Everything from the line that has "A realistic half" to the last line of the listing must be repeated exactly, and nothing more; omit the pictures.

DATASET EXTRACT:
------------------------------------------------
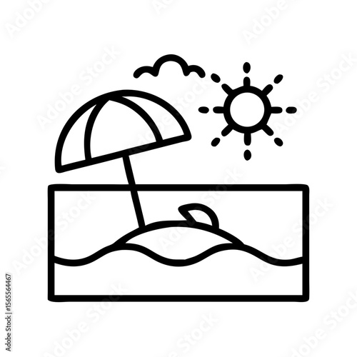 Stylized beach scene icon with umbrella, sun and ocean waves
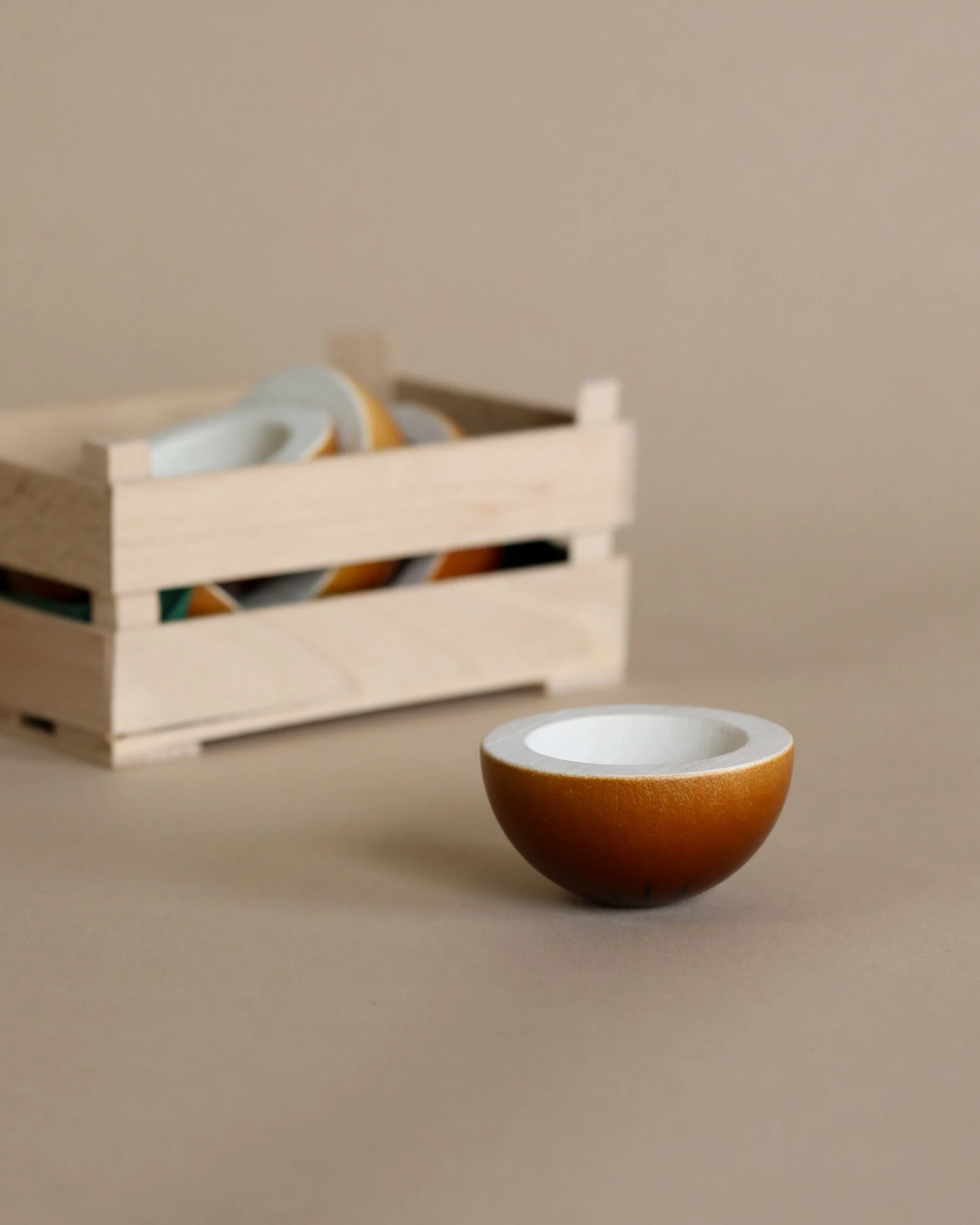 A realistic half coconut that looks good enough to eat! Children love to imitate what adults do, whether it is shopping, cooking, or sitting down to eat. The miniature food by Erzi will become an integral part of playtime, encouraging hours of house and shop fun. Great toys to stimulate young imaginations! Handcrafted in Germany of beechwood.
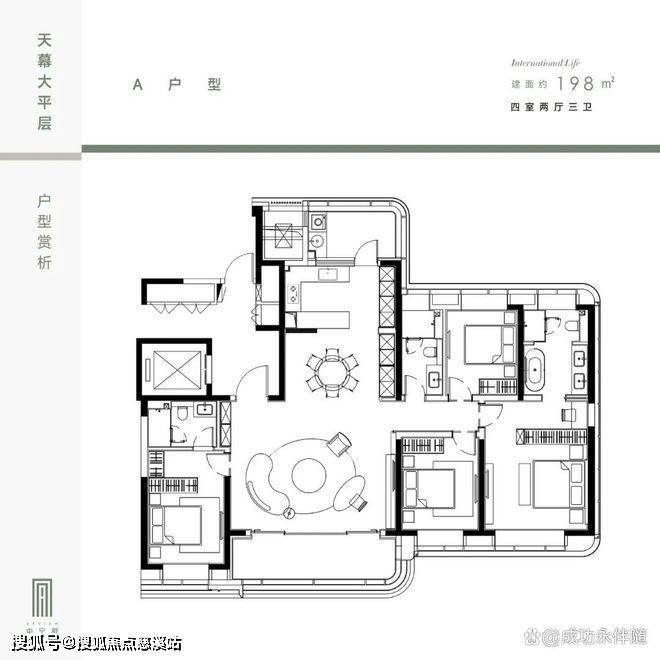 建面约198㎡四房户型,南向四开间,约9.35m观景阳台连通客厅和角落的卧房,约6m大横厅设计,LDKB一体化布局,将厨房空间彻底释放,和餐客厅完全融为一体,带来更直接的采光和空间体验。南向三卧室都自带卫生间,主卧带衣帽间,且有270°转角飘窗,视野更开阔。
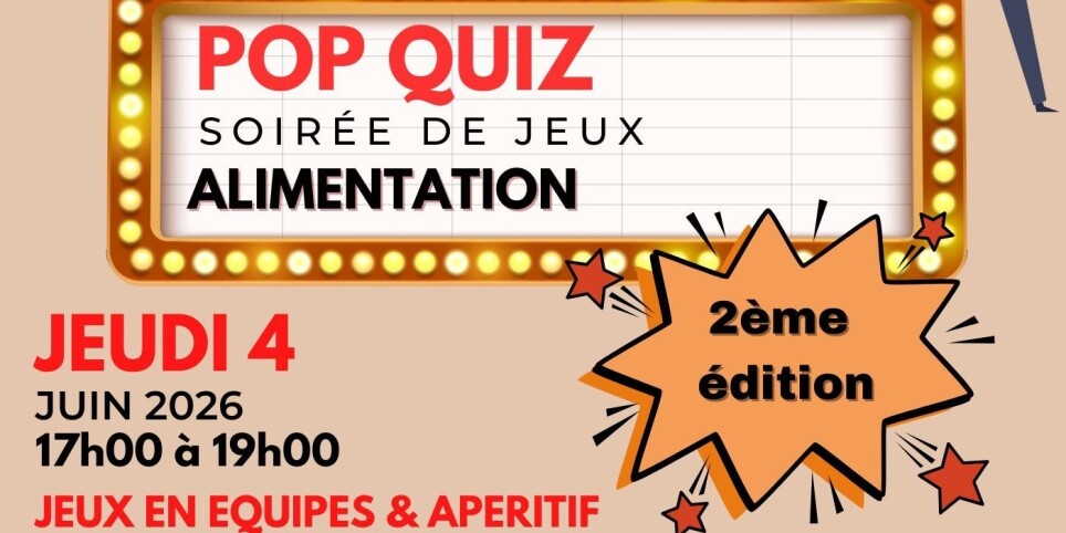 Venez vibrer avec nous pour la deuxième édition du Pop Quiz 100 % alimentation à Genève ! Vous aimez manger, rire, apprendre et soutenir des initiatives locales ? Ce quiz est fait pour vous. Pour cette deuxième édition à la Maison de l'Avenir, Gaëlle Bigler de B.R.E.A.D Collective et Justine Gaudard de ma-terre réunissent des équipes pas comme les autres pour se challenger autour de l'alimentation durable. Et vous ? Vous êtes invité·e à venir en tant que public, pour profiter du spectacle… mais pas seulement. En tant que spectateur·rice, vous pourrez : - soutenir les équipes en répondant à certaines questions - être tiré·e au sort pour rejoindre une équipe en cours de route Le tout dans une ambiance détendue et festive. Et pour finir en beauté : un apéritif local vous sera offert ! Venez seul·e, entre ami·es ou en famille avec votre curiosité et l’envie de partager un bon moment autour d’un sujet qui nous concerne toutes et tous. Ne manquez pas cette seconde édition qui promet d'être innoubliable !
------------------------------------------------
WRITTEN RESPONSE:
 A realistic half coconut that looks good enough to eat! Children love to imitate what adults do, whether it is shopping, cooking, or sitting down to eat. The miniature food by Erzi will become an integral part of playtime, encouraging hours of house and shop fun. Great toys to stimulate young imaginations! Handcrafted in Germany of beechwood.
 建面约198㎡四房户型,南向四开间,约9.35m观景阳台连通客厅和角落的卧房,约6m大横厅设计,LDKB一体化布局,将厨房空间彻底释放,和餐客厅完全融为一体,带来更直接的采光和空间体验。南向三卧室都自带卫生间,主卧带衣帽间,且有270°转角飘窗,视野更开阔。
 Venez vibrer avec nous pour la deuxième édition du Pop Quiz 100 % alimentation à Genève ! Vous aimez manger, rire, apprendre et soutenir des initiatives locales ? Ce quiz est fait pour vous. Pour cette deuxième édition à la Maison de l'Avenir, Gaëlle Bigler de B.R.E.A.D Collective et Justine Gaudard de ma-terre réunissent des équipes pas comme les autres pour se challenger autour de l'alimentation durable. Et vous ? Vous êtes invité·e à venir en tant que public, pour profiter du spectacle… mais pas seulement. En tant que spectateur·rice, vous pourrez : - soutenir les équipes en répondant à certaines questions - être tiré·e au sort pour rejoindre une équipe en cours de route Le tout dans une ambiance détendue et festive. Et pour finir en beauté : un apéritif local vous sera offert ! Venez seul·e, entre ami·es ou en famille avec votre curiosité et l’envie de partager un bon moment autour d’un sujet qui nous concerne toutes et tous. Ne manquez pas cette seconde édition qui promet d'être innoubliable !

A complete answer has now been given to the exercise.